Seasonal adjustments: Some datasets might exhibit seasonal patterns or other cyclic patterns. In such cases, it is common to apply time shifts in a way that would account for cyclic effects.
4.b. Defining constant time shifts per data attribute
In Visplore, it is possible to define constant time-shift per data source (affecting all attributes of that data source) or per data attribute.
Below is how to define a constant time-shift for every attribute of a data source.
Alternatively, below is how to define a constant time-shift per attribute.

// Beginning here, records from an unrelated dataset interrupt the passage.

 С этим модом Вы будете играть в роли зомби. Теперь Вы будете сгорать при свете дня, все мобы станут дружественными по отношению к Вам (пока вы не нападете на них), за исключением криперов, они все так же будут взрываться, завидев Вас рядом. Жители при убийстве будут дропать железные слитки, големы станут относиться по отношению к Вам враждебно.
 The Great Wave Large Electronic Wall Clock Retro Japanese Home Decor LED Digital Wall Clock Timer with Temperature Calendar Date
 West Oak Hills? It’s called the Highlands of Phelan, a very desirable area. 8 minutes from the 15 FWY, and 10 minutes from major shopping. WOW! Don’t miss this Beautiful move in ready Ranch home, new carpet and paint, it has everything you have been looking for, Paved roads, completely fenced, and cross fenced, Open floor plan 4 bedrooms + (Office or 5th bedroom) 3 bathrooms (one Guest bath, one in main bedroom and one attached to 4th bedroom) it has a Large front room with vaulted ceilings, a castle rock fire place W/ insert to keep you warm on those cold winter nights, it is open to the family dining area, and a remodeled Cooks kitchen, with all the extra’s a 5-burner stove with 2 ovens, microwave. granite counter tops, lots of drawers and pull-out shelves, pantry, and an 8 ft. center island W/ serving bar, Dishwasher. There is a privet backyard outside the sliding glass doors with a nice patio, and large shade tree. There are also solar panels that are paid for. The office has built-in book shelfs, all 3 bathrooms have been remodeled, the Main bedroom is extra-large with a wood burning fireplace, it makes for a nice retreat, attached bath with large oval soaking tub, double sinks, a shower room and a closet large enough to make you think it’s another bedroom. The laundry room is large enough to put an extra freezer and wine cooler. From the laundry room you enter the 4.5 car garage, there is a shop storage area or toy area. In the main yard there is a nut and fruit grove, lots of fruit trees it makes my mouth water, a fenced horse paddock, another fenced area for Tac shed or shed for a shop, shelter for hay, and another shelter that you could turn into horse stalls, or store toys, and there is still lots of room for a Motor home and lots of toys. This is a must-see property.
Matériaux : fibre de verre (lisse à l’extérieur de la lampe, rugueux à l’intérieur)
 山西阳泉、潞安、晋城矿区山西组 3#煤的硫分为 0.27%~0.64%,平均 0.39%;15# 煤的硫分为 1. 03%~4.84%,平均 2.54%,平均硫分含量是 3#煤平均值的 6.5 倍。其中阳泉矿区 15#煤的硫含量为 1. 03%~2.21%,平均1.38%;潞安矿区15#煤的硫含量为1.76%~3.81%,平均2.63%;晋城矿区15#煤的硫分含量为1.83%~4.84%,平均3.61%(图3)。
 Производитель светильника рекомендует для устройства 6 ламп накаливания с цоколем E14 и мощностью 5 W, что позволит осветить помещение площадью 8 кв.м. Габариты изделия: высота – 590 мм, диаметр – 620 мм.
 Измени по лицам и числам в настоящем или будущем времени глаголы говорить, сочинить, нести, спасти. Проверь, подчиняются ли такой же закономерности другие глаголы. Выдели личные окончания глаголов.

5. Rows to columns transformation
5.a. Motivation: a typical example
In some cases, the structure of the stored data is not helpful for the analysis in mind. Let’s examine the table below which illustrates a section from a dataset that holds indoor and outdoor temperatures at a specific location. This data is in a long format as each row is an observation.
Now, imagine that one wants to examine if there is a correlation between indoor and outdoor temperatures for that location. For such purposes, a long format is not much helpful. One would prefer a wide format where each temperature sensor (indoor and outdoor) has its own attribute column. This way, whether a correlation exists between these two columns can be examined using scatter plots and trend graphs.
Using the data source manager, it is easy to perform rows to columns transformation as shown below. In this case, the column that is to be used for distinction is ‘Location’. It is selected as the key in transformation options.
Upon clicking ‘OK’, one should notice that the data table is now transformed into a wide format as shown below.
Using this table in a wide format, now it is possible to examine the scatter plot of indoor temperature versus outdoor temperature and overlay a regression line as these are now two distinct data attributes. Below is the scatter plot and a quadratic regression line overlayed on top.
5.b. Reshaping the data with or without rasterization
It is also possible to reshape rasterized data. For example, below is the same temperature data rasterized to 2 hours and using average as the rasterization method.
Please refer to the Rows to Columns transformation page for detailed information regarding the available methods.